Attaches or clears a genomic mask filter on a virtual track. When a filter is attached, the virtual track function is evaluated only over the unmasked regions (i.e., regions not covered by the filter intervals).
gvtrack.filter(vtrack = NULL, filter = NULL)virtual track name
genomic mask to apply. Can be:
A data.frame with columns 'chrom', 'start', 'end' (intervals to mask)
A character string naming an intervals set
A character string naming a track (must be intervals-type track)
A list of any combination of the above (all will be unified)
NULL to clear the filter
None (invisibly).
The filter defines regions to exclude from virtual track evaluation.

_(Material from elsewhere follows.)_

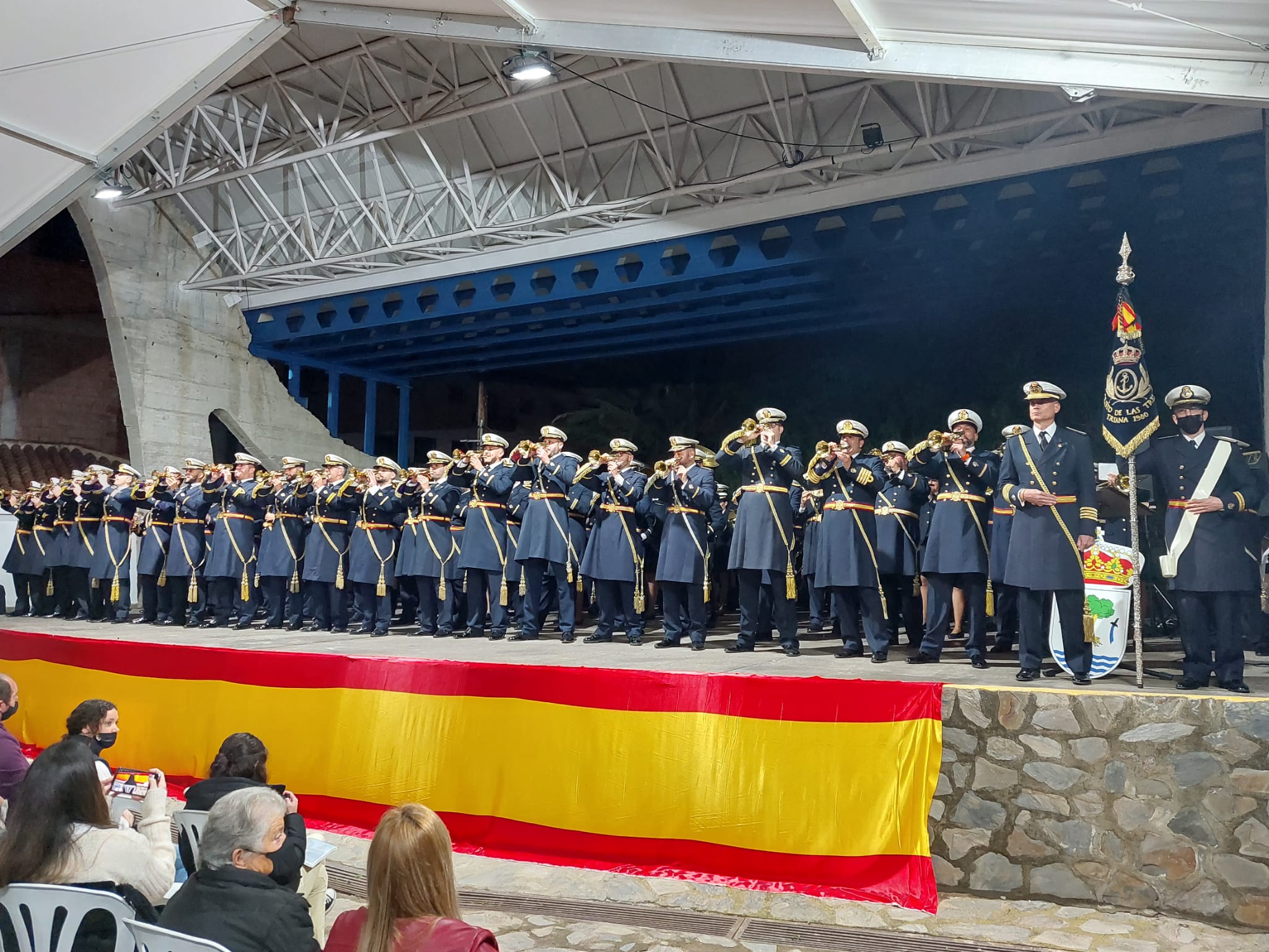 El presentador hacía subir al escenario, adecentado con una gran bandera de España, a la Concejal de Fiestas Dª Aida Prados Pérez, que era recibida con un fuerte aplauso por los presentes. Algunas de sus palabras fueron: “Es un verdadero honor poder acoger en nuestro municipio, a las 3 bandas invitadas que hoy acompañan a la anfitriona, la Banda Municipal de Música de Molvízar…me gustaría destacar y agradecer, a cuantas personas han contribuido a que podamos celebrar este maravilloso encuentro”. “No hay mejor forma de celebrar la nueva normalidad, como preservando algo tan nuestro y que tan arraigado está a Molvízar, Andalucía y a España, la música y sus bandas. Es por ello, que mostramos nuestro agradecimiento al mundo Cofrade, y a sus músicos y mostrarles el afecto y cariño que sentimos hacia ellos con un caluroso aplauso”. “Querida Banda de Música de Molvízar. ¡¡Enhorabuena!! No hay mayor honor para uno en la vida, que hacer lo que le gusta acompañados de figuras de primer nivel. El verdadero orgullo, es tener tan buena gente, buenos músicos que siempre están ahí leales a su pueblo…”

The virtual track function will be evaluated only on the complement of the filter.
Once a filter is attached to a virtual track, it applies to all subsequent extractions
of that virtual track until explicitly cleared with filter = NULL.
Order of Operations:
Filters are applied after iterator modifiers (sshift/eshift/dim). The order is:
Apply iterator modifiers (gvtrack.iterator with sshift/eshift)
Subtract mask from the modified intervals
Evaluate virtual track function over unmasked regions
Semantics by function type:
Aggregations (avg/sum/min/max/stddev/quantile): Length-weighted over unmasked regions
coverage: Returns (covered length in unmasked region) / (total unmasked length)
distance/distance.center: Unaffected by mask (pure geometry)
PWM/kmer: Masked bases act as hard boundaries; matches cannot span masked regions.
Important: When extend=TRUE (the default), motifs at the boundaries of unmasked
segments can use bases from the adjacent masked regions to complete the motif scoring.
For example, if a 4bp motif starts at position 1998 in an unmasked region that ends at 2000,
and positions 2000-2002 are masked, the motif will still be scored using the masked bases.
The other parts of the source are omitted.